George Campbell is president of The Cooper Union for the Advancement of Science and Art. Founded in 1859, The Cooper Union is an all honors college and one of America's most selective institutions of higher education. Perennially ranked by U.S. News and World Report among the nation's top three baccalaureate colleges, it offers degrees in architecture, engineering and fine arts. All admitted students receive a full-tuition scholarship. The college also offers a rich array of public exhibitions, performing arts programs and lecture series. Its historic Great Hall has provided a platform for American presidents from Abraham Lincoln to William Jefferson Clinton and has been the birth place of major social reform movements of the 19th and 20th centuries.
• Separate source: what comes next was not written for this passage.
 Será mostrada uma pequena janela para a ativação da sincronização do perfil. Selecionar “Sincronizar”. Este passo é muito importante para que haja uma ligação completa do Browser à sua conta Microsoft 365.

For 11 years, prior to his current appointment, Dr. Campbell was president and CEO of NACME, Inc., a non-profit corporation focused on engineering education and science and technology policy that offered the nation's largest private engineering scholarship program for economically disadvantaged students. Previously, Dr. Campbell spent 12 years at AT&T Bell Laboratories, where he held various R&D and management positions and, for seven years, served as a U.S. delegate to the International Telecommunications Union. Earlier in his career, Dr. Campbell served on the faculties of Nkumbi International College in Zambia and Syracuse University. He has published papers in mathematical physics, high-energy physics, satellite systems, digital communications, science and technology policy and science education. He is co-editor of Access Denied: Race, Ethnicity and the Scientific Enterprise, Oxford University Press.
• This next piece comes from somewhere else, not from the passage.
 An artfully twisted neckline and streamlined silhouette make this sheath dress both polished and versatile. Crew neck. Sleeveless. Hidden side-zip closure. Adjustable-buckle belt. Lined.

Dr. Campbell currently serves on the Board of Directors of Consolidated Edison, Inc., one of the nation's largest investor-owned energy companies, and the New York State Foundation for Science, Technology and Innovation. He is also a trustee of the Commission on Independent Colleges and Universities (cIcu), Rensselaer Polytechnic Institute, Montefiore Medical Center, the Woodrow Wilson National Fellowship Foundation, the Institute of International Education and the New York Hall of Science. He has served on a number of other science and technology policy bodies, including the Morella Commission of the U.S. Congress, the U.S. Secretary of Energy Advisory Board, the New York City Chancellor's Task Force on Science Education (chairman) and the Education Policy Advisory Committee of the New York State Governor's transition team. Dr. Campbell has been a regular guest commentator for PBS-TV's Nightly Business Report and has been profiled in a lead article in The Wall Street Journal.
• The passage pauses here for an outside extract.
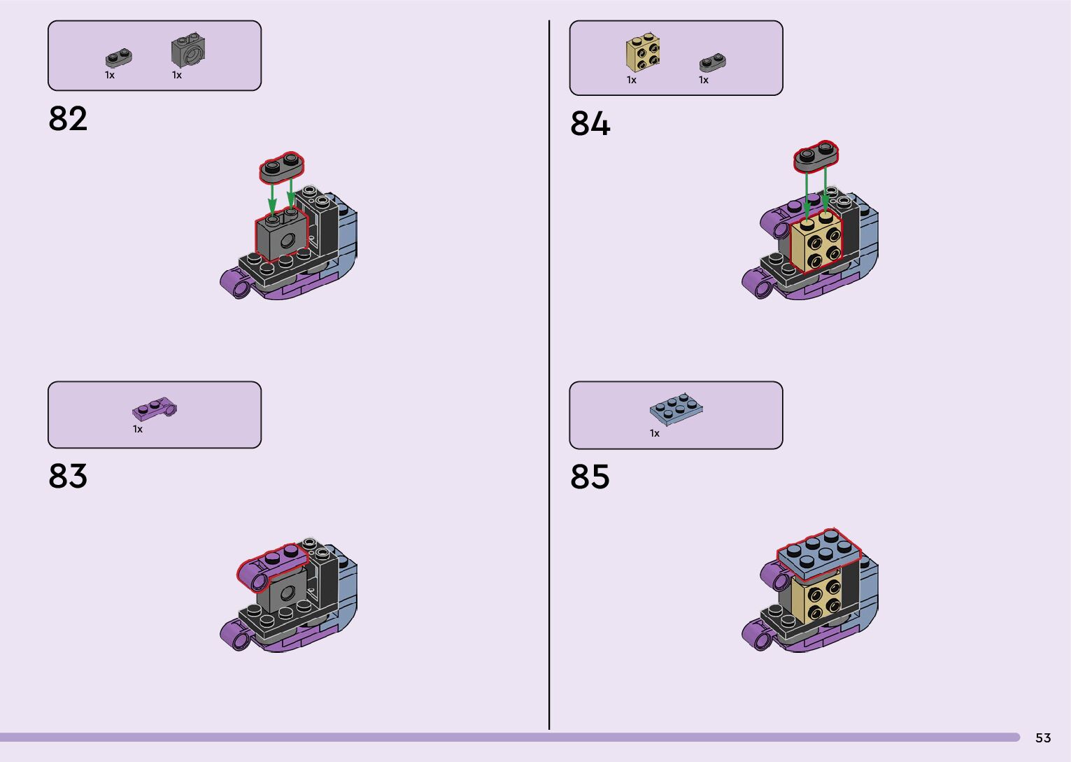 The assembly guide is prepared in a very understandable way for children and adult LEGO enthusiasts. A total of 160 picture galleries are shown, explaining the step-by-step construction stages for 1 different structures.

Dr. Campbell earned a Ph.D. in theoretical physics from Syracuse University, a B.S. in physics from Drexel University and is a graduate of the executive management program at Yale University. As an undergraduate, he was a Simon Guggenheim Scholar and member of the national physics honor society. Among Dr. Campbell's awards are the 1993 George Arents Pioneer Medal in Physics, the Drexel University Centennial Medal, the Leon J. Obermeyer Award from the City of Philadelphia Board of Education and several honorary doctorates. On behalf of NACME, he accepted a U.S. Presidential Award for Excellence and the U.S. Department of Labor's EPIC Award. He's a fellow of both the American Association for the Advancement of Science and the New York Academy of Sciences.
Married to Dr. Mary Schmidt Campbell, dean of New York University's Tisch School of the Arts who also serves as chair of the New York State Council on the Arts, Dr. Campbell and his wife have three sons and live in Manhattan.